Start of Block

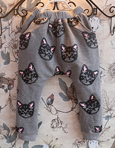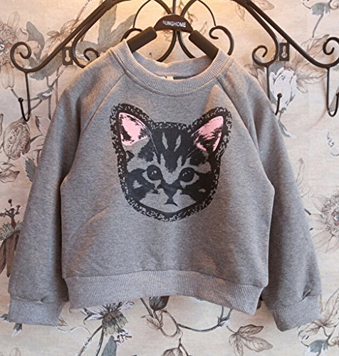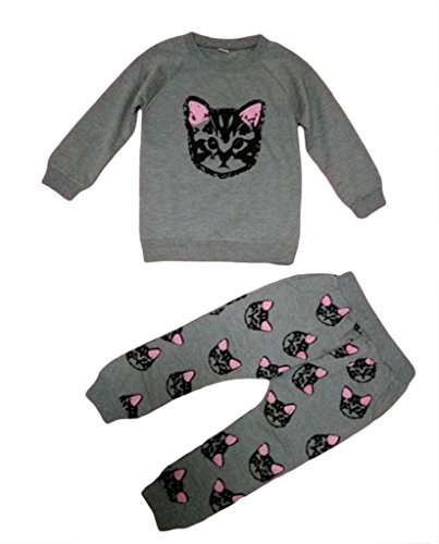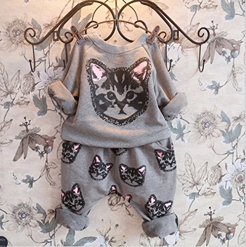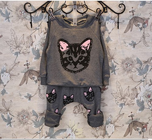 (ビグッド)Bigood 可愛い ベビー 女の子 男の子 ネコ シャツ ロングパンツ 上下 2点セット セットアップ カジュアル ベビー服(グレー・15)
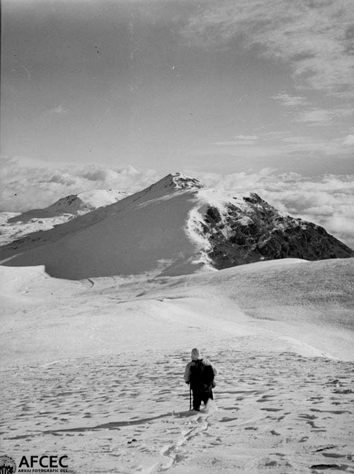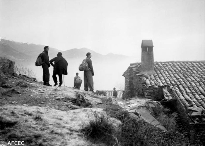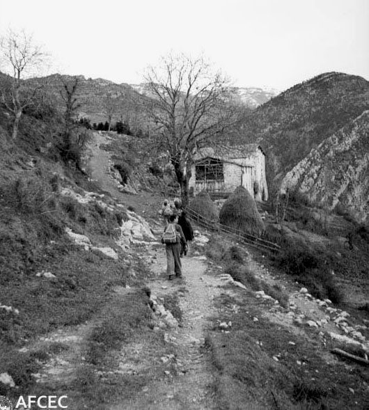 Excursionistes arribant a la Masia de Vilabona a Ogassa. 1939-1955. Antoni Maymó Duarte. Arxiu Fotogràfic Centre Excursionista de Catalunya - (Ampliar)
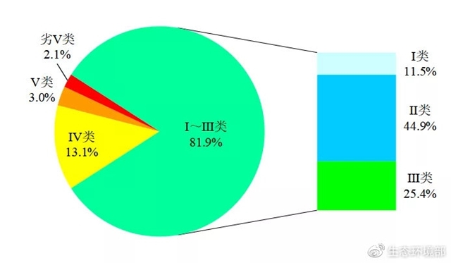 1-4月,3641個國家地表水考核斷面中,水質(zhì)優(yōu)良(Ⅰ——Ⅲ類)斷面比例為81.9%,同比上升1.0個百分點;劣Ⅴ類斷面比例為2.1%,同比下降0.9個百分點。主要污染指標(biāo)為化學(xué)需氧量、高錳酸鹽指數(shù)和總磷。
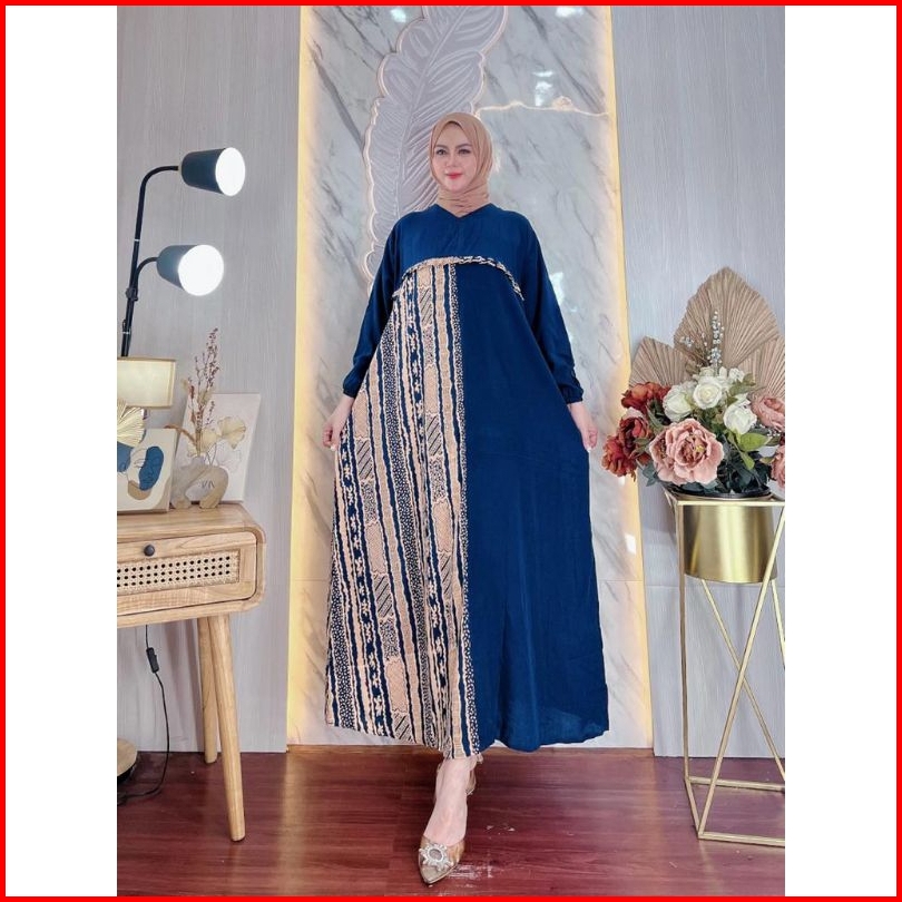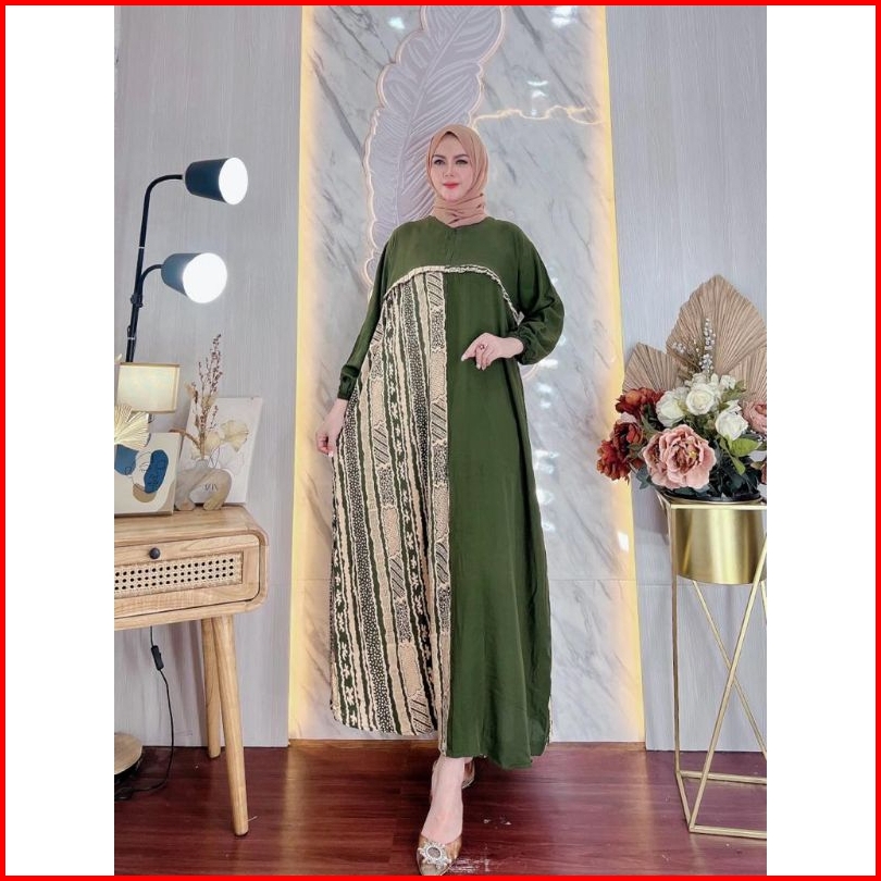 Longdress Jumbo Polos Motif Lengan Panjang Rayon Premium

End of Block

Task to carry out:
Could every line above be set down exactly, with the pictures omitted?

Answer section:
 (ビグッド)Bigood 可愛い ベビー 女の子 男の子 ネコ シャツ ロングパンツ 上下 2点セット セットアップ カジュアル ベビー服(グレー・15)
 Excursionistes arribant a la Masia de Vilabona a Ogassa. 1939-1955. Antoni Maymó Duarte. Arxiu Fotogràfic Centre Excursionista de Catalunya - (Ampliar)
 1-4月,3641個國家地表水考核斷面中,水質(zhì)優(yōu)良(Ⅰ——Ⅲ類)斷面比例為81.9%,同比上升1.0個百分點;劣Ⅴ類斷面比例為2.1%,同比下降0.9個百分點。主要污染指標(biāo)為化學(xué)需氧量、高錳酸鹽指數(shù)和總磷。
 Longdress Jumbo Polos Motif Lengan Panjang Rayon Premium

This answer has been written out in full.